Jorge Labañino Legrá
La lectura como un acto mítico engendra sus liturgias y ritos. Muchos no van a la cama hasta después de escarbar entre el manojo de hojas la espesura del sueño. Otros, en cambio, anticipan al desayuno la sed por la palabra escrita.
El modo en que el lector se coloca ante el libro es siempre una voluntad ceremonial ante lo que asume como sagrado.
Alejo Carpentier consideraba importante llevar a cuestas dos libros: uno al que pudiera echar mano para leer a saltos en aquellos instantes que surgían fugaces mientras esperaba o iba de viaje. El segundo era un libro más extenso y complejo, que demandaba mayor concentración, y por lo tanto más tiempo.
De Hemingway ya conocemos su viciosa costumbre de escribir y leer casi siempre de pie y con el texto reposado sobre un atril, sin tolerar importunios.

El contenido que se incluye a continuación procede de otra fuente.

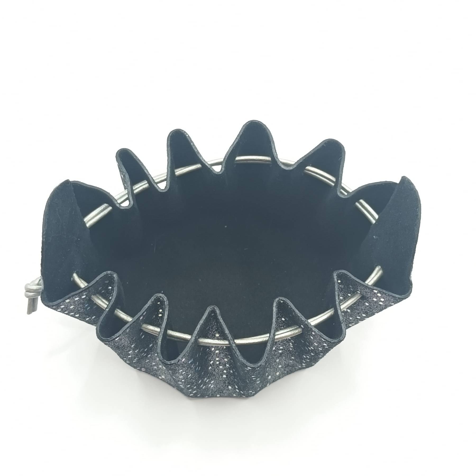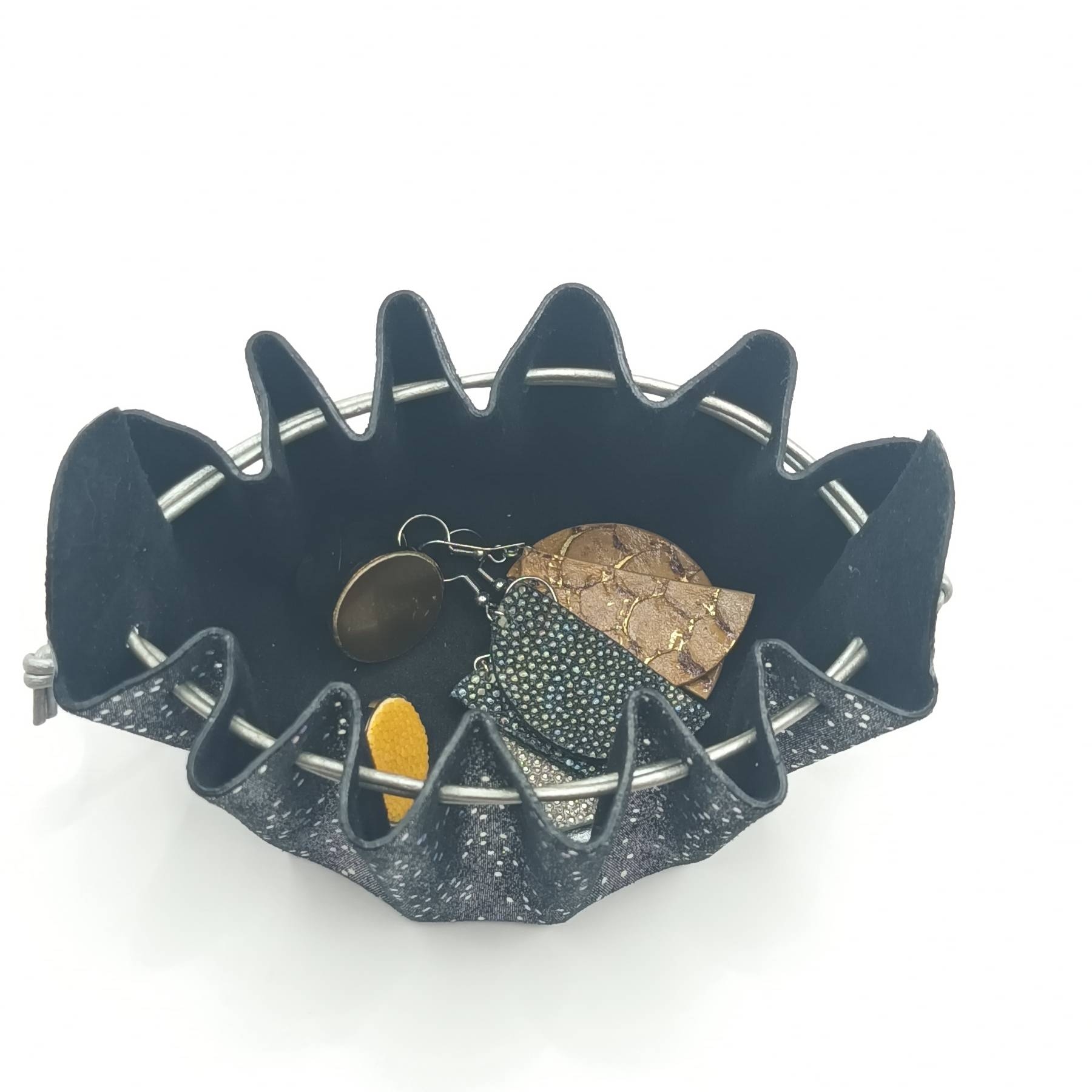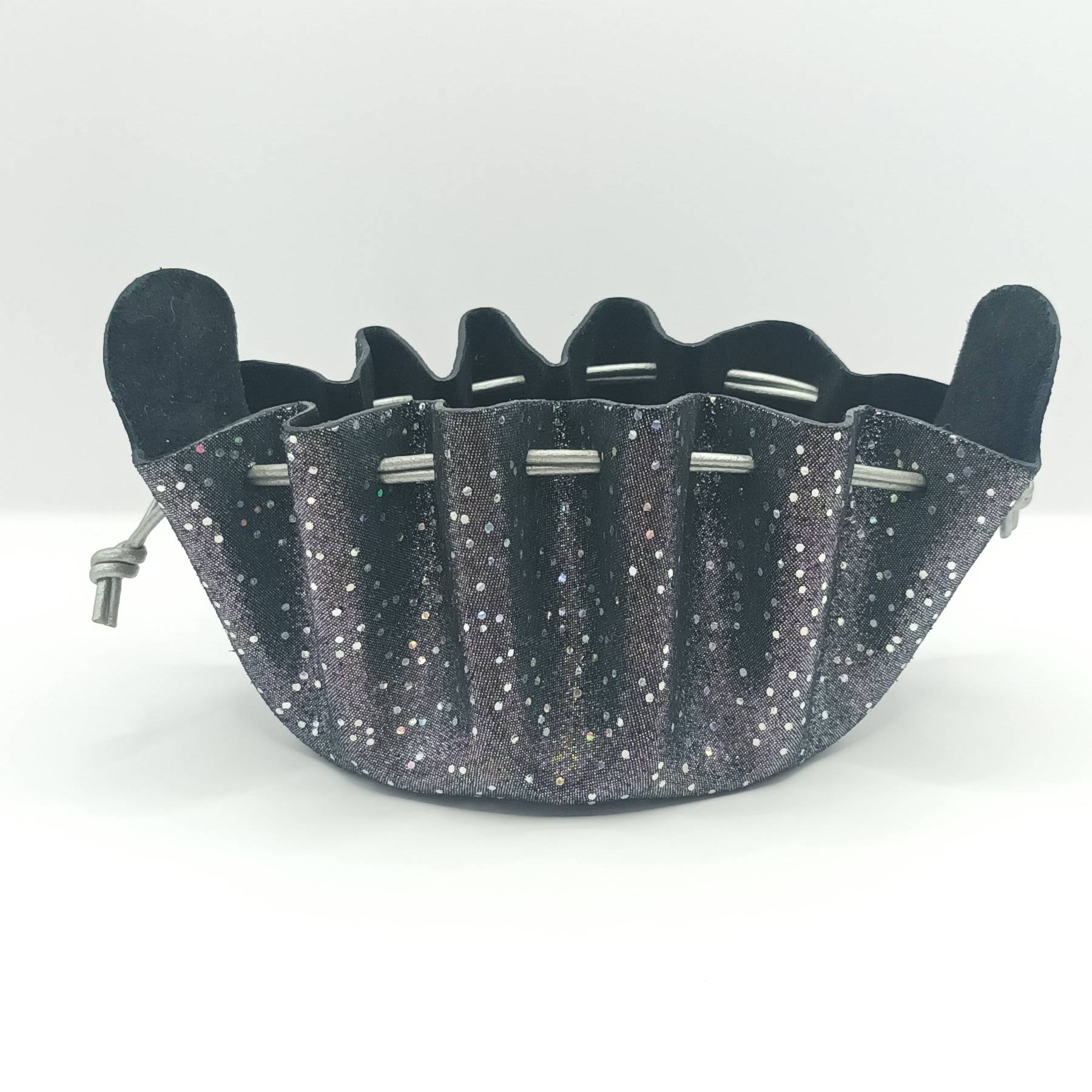 Cette bourse est entièrement réalisée à la main et fabriquée à partir de chutes de cuir d'agneau et le cordon est en cuir de vachette. Elle mesure 8 cm de diamètre et 8 cm de hauteur. Elle s’ouvre simplement en tirant sur les «oreilles» et se ferme en tirant sur les liens. Vous pouvez aussi fermer la bourse en faisant un nœud avec les liens par dessus les «oreilles» pour plus de sécurité. *La couleur réelle peut légèrement varier selon la luminosité et le contraste de votre écran

Siempre admiro, como un rasgo cubanísimo en Virgilio Piñera, esa jaba de libros con la que aparecía en su casa anunciando, mientras la mostraba, que no finalizaría la semana sin haberlo consumido todo.
También el inmenso Lezama nos testó el Curso Délfico, método de lectura condimentado en sus experiencias de degustador profundo de la literatura, orientado a convertir la relación con el texto en un proto-rito creador. Cuentan que cuando los cursantes salían de la casa del Gordo de Trocadero, con los libros que el poeta les prestaba para su iniciación, solía decirles: “Se van con un poco de cultura sobacal”.
La lectura lleva en sí la magia que nos redime, un movimiento dentro del alma que nos transfigura. Ciorán, el pensador francés lo ha dicho de otra manera: “si no fuera por los libros, quizás hoy fuera un asesino en serie”.